Below is a list describing the physical supply risks:
- Cybersecurity risk is the risk that a supplier’s systems or products are hacked, compromised, or manipulated in ways that disrupt operations or expose sensitive data.
- Physical supply risk is the risk that materials, equipment, or services cannot be delivered when needed due to shortages, transportation failures, or supplier outages.
- Geopolitical risk is the risk that political actions such as trade restrictions, sanctions, conflict, or policy changes in other countries disrupt suppliers or increase costs.
- Climate risk is the risk that extreme weather, natural disasters, or long‑term climate changes damage facilities, interrupt logistics, or reduce supplier reliability.
- Equipment availability risk is the risk that critical equipment cannot be obtained when needed because suppliers lack capacity, inventory, or manufacturing slots.

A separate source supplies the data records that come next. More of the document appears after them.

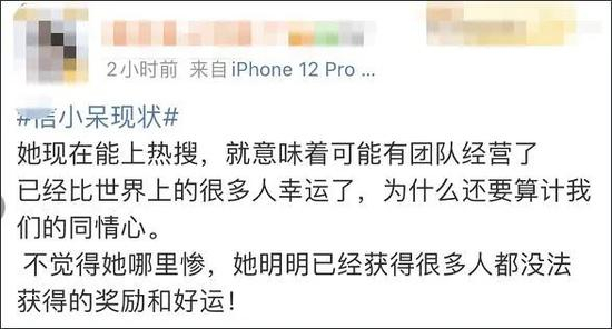 而微博百万粉丝大V霜叶质疑这次卖惨很像是为了新一轮的营销做准备的预热。笔者也发现信小呆的言论“所以我现在是当网红呢还是上个班呢”,也看起来像是呼应热搜配合营销。在更多网友看来,无论出于自愿还是依靠资本和热度的推动,流量当道之下,信小呆已然摆脱不了被裹挟的“工具人”身份。
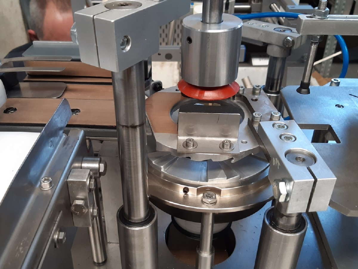 - The folded pleats are securely maintained by a mechanically controlled iris system as the pleating head with the product inside moves to the labelling station, where the label is applied.
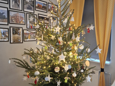 Zaczęliśmy od własnoręcznego przygotowania bombek, którymi ubraliśmy nasze świąteczne drzewko - to była prawdziwa lekcja kreatywności i współpracy, a jej efekt przeszedł nasze najśmielsze oczekiwania 😊; przygotowaliśmy tyle ozdób choinkowych, że wystarczyło ich do udekorowania choinki podczas wspólnego spotkania opłatkowego orgaznizowanego w ramach współpracy z OPS w Krzykosach 😉. Podczas warsztatów poznaliśmy również kolejne sposoby składania serwetek, które wykorzystaliśmy do udekorowania stołów na naszym środowiskowym spotkaniu opłatkowym. Nie zabrakło też pachnących w całym Domu pierników oraz świątecznego filmu przy gorącym kakao, które jeszcze bardziej otuliły nas magią zbliżających się świąt.

- Raw materials, commodities, and/or critical minerals risk is the risk that key inputs become scarce, delayed, or more expensive due to supply constraints, market volatility, or concentration of production.
- Lead time risk is the risk that the time required to manufacture and deliver equipment or materials is longer than planned, delaying projects or operations.
- Demand competition from hyperscalers risk is the risk that large technology companies absorb supplier capacity, limiting availability and extending lead times for other buyers. (A hyperscaler is a very large technology company that operates massive data centers at global scale and rapidly expands computing capacity to support cloud services, AI, and digital platforms.)
- Transportation and logistics risk is the risk that goods are delayed or disrupted due to shipping constraints, port congestion, labor actions, transportation failures, climate, or act of war or sabotage.